A fifth of investors said they planned to decrease allocations to hedge funds in 2018, continuing a multi-year slowing of allocation appetite for hedge fund products, while a third of investors planned to increase allocations to private equity and only 9% to decrease them in the next three years.
“Alternative asset managers are grappling with a whirlwind of changes, and they can either act now to address industry disruptions — ranging from technological innovation to products and competition from new players — or admit defeat and lose competitive market share,” Natalie Deak Jaros, co-leader of EY’s global hedge fund services, said in a statement.
“In order for alternatives to stay ahead, they need to appease investor demand for customization, implement technology that augments investment decisions, and hire the proper talent to both manage technology and bring outside thinking to the traditional financial services mindset.”
Greenwich Associates conducted 102 interviews during the third quarter with hedge funds, representing over $1.1 trillion in assets under management; 103 interviews with private equity firms, representing nearly $2.2 trillion in assets; and 65 interviews with institutional investors, representing over $2.7 trillion in assets.
EY reported that hedge fund and private equity managers are increasingly competing with one another to tap into investors’ desire for nontraditional products. A majority of investors surveyed said they were increasingly allocating to such offerings, including private credit, real estate and real assets.
Forty-six percent of private equity managers and 35% of hedge fund managers reported having a private credit offering.
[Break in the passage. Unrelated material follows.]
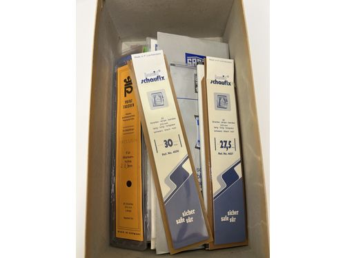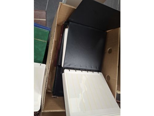 Accessories. Removal box with empty albums, binders and klämfix mm. Six FDC binders of which three with leaves. Ca. 50 new visir leaves, two boxes with klämfix in varied sizes, both clear and black, etc. Please inspect. Approx. 13 kg. Visa mindre

In addition, three in 10 hedge fund managers said they offered a private equity product, and two in five private equity managers had hedge products.
EY said the diversification of product offerings was directly resulting in convergence as managers across all strategies develop expertise and branch out to a variety of alternative offerings.
The survey found that besides demanding nontraditional products, allocators increasingly want to be more active partners with their managers, and to have a voice on investment decisions and operational matters.
More than one-third of investors said they planned to increase their behavior as “active LPs,” and 32% said they would continue to build out investment capabilities to replicate the strategy internally without the assistance of a third-party external manager.
Not only that, but investors are becoming more active partners with their managers in demanding that product offerings be tailored to their needs. The survey found that more than a third of hedge funds were responding to this growing demand for customization by increasing or planning to increase the number of separately managed accounts and funds of one they offer.
EY noted that these offerings appease investor demands, but create operational headaches for alternative asset managers.